→ **Work to be completed**:
What is needed is a word-for-word transcript of the listing, free of pictures.

→ **Data excerpt**:

====

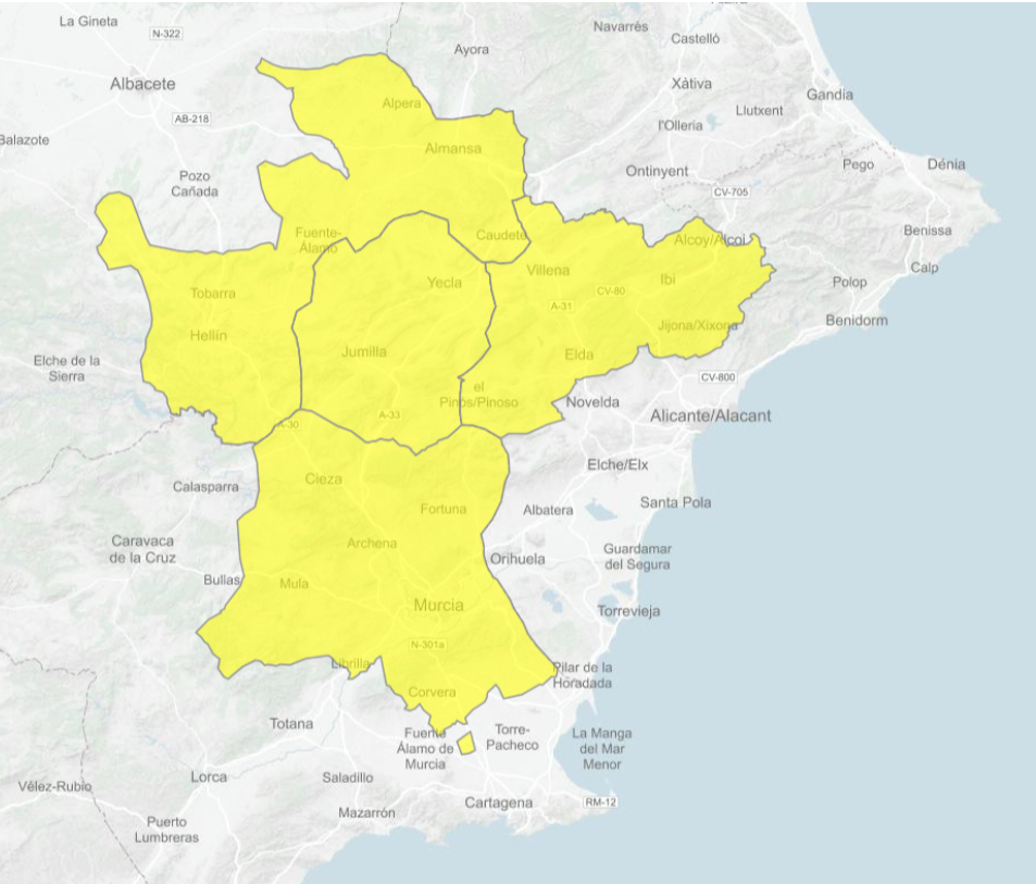 La Agencia Estatal Meteorológica establece aviso de nivel amarillo para la Vega del Segura a partir de este mediodía en previsión de que puedan producirse tormentas de carácter fuerte.
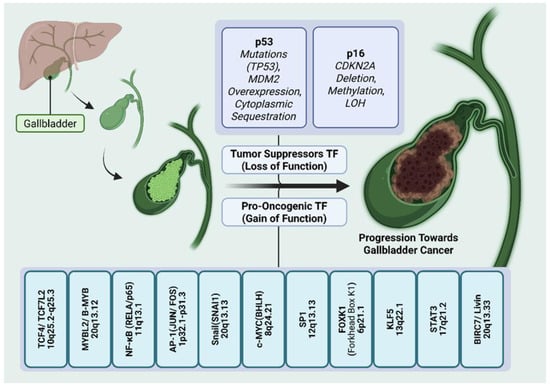 Gallbladder cancer (GBC), a malignancy of the biliary tract, remains a formidable challenge in oncology due to its aggressive nature, late diagnosis, and limited treatment options. It exhibits a striking geographical variation in incidence, underscoring its complex etiology and regional risk factors. Globally, GBC is associated with a dismal prognosis and its association with a high mortality rate, with a median five-year overall survival rate of 5% []. The reported number of new cases of GBC worldwide in 2022 was 122,462 with 89,031 death cases, as per Globocan, 2022 []. In India, GBC is highly prevalent, accounting for nearly 10% of the global disease burden []. There are notable regional variations, with significantly higher incidence rates in the northern and northeastern regions than in the southern states of India. Despite continued research, the underlying molecular mechanisms for GBC pathogenesis in the Indian population remain largely unexplored []. The development of GBC is multifactorial, involving a complex interplay of genetic predisposition, chronic inflammation, gallstone disease or cholelithiasis (especially when left untreated), infections (such as Helicobacter or Salmonella species), and lifestyle choices, which all work together to increase the likelihood of GBC tumorigenesis. Central to this pathogenesis is the dysregulation of transcription factors (TFs), key regulators of gene expression. As essential conductors of gene expression, these TFs regulate a broad variety of cellular processes including proliferation, differentiation, DNA repair, immune response and programmed cell death (Figure 1). Disruption in TF activity is a common molecular event across many cancers, including GBC, and contributes to aberrant transcriptional programs of the downstream cellular programs that drive tumorigenesis. An understanding of the altered expression of these upstream regulatory factors may shed light on the core causes of GBC malignancy [,].
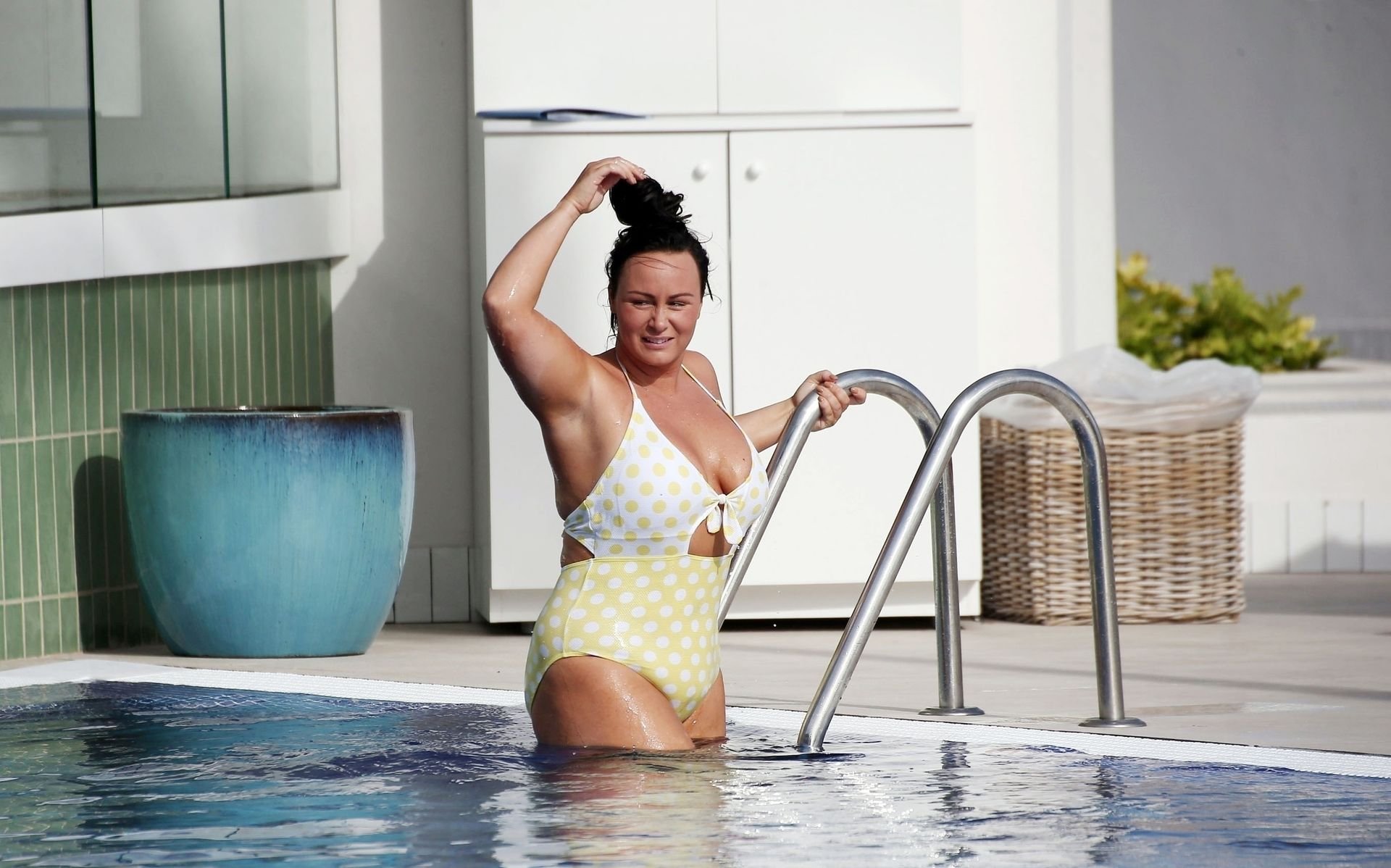 Chanelle lucía genial con su sexy traje de baño amarillo con lunares mientras se relajaba bajo el ardiente sol otoñal.

====

→ **Output of the task**:
 La Agencia Estatal Meteorológica establece aviso de nivel amarillo para la Vega del Segura a partir de este mediodía en previsión de que puedan producirse tormentas de carácter fuerte.
 Gallbladder cancer (GBC), a malignancy of the biliary tract, remains a formidable challenge in oncology due to its aggressive nature, late diagnosis, and limited treatment options. It exhibits a striking geographical variation in incidence, underscoring its complex etiology and regional risk factors. Globally, GBC is associated with a dismal prognosis and its association with a high mortality rate, with a median five-year overall survival rate of 5% []. The reported number of new cases of GBC worldwide in 2022 was 122,462 with 89,031 death cases, as per Globocan, 2022 []. In India, GBC is highly prevalent, accounting for nearly 10% of the global disease burden []. There are notable regional variations, with significantly higher incidence rates in the northern and northeastern regions than in the southern states of India. Despite continued research, the underlying molecular mechanisms for GBC pathogenesis in the Indian population remain largely unexplored []. The development of GBC is multifactorial, involving a complex interplay of genetic predisposition, chronic inflammation, gallstone disease or cholelithiasis (especially when left untreated), infections (such as Helicobacter or Salmonella species), and lifestyle choices, which all work together to increase the likelihood of GBC tumorigenesis. Central to this pathogenesis is the dysregulation of transcription factors (TFs), key regulators of gene expression. As essential conductors of gene expression, these TFs regulate a broad variety of cellular processes including proliferation, differentiation, DNA repair, immune response and programmed cell death (Figure 1). Disruption in TF activity is a common molecular event across many cancers, including GBC, and contributes to aberrant transcriptional programs of the downstream cellular programs that drive tumorigenesis. An understanding of the altered expression of these upstream regulatory factors may shed light on the core causes of GBC malignancy [,].
 Chanelle lucía genial con su sexy traje de baño amarillo con lunares mientras se relajaba bajo el ardiente sol otoñal.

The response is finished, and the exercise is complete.